### WHAT IS NEEDED
From the records that follow, return exactly the lines beginning at the one that contains "Nigel Bezuidenhout, a" and ending at the one that contains "吸塑形式:托盘/内托是一类起", pictures left out.

── GIVEN INFORMATION

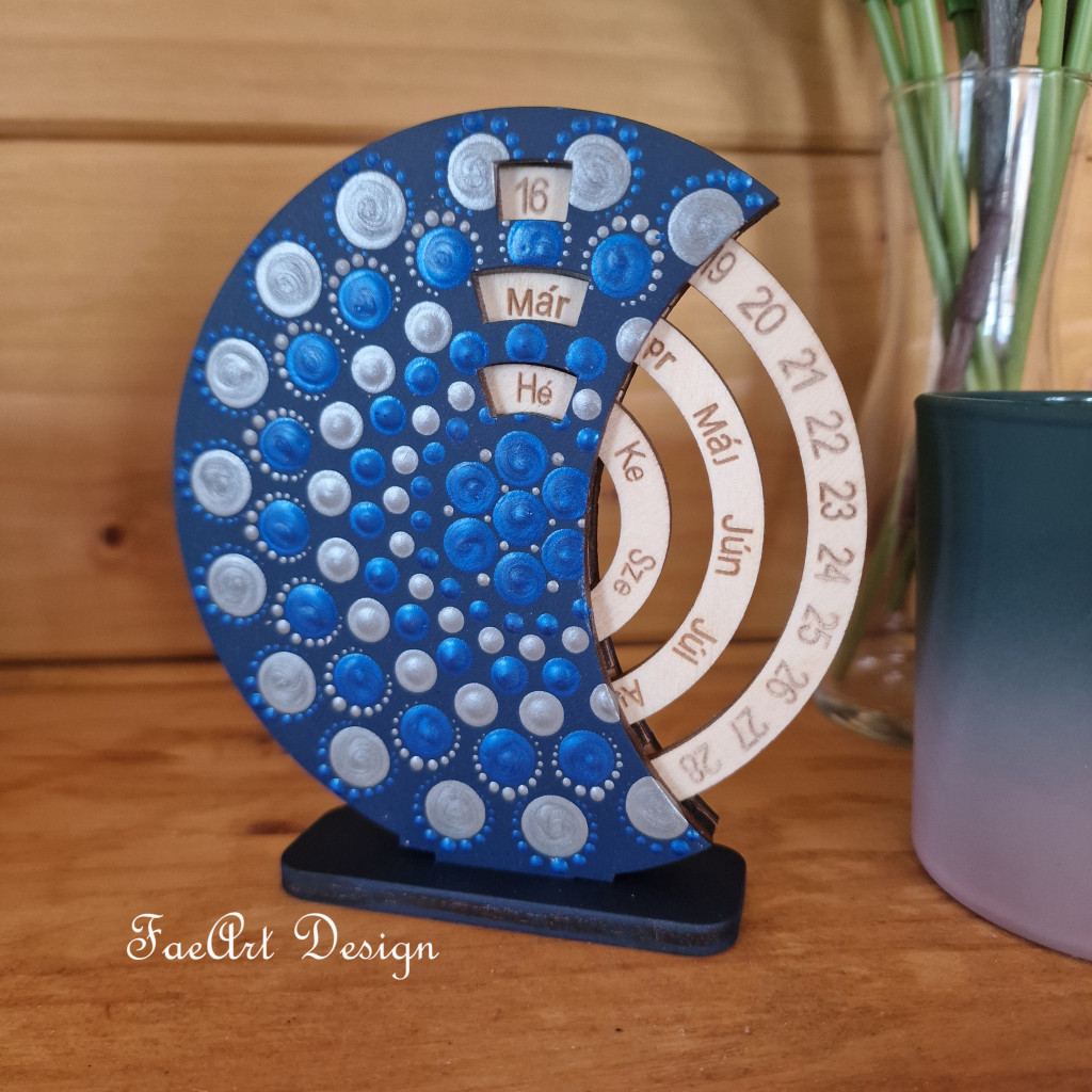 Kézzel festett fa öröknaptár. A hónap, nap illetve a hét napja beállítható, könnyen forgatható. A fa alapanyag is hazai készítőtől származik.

────
── GIVEN INFORMATION

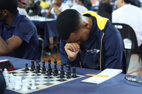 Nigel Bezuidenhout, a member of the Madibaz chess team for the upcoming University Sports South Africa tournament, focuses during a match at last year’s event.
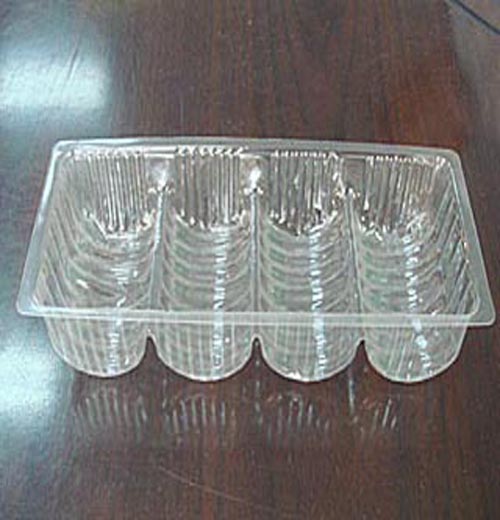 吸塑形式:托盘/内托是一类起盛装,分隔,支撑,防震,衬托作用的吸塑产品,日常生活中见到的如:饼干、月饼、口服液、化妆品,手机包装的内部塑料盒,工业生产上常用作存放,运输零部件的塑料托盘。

────
── GIVEN INFORMATION

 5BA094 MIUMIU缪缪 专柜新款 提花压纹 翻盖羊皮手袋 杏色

────

### RESPONSE TO THE TASK
 Nigel Bezuidenhout, a member of the Madibaz chess team for the upcoming University Sports South Africa tournament, focuses during a match at last year’s event.
 吸塑形式:托盘/内托是一类起盛装,分隔,支撑,防震,衬托作用的吸塑产品,日常生活中见到的如:饼干、月饼、口服液、化妆品,手机包装的内部塑料盒,工业生产上常用作存放,运输零部件的塑料托盘。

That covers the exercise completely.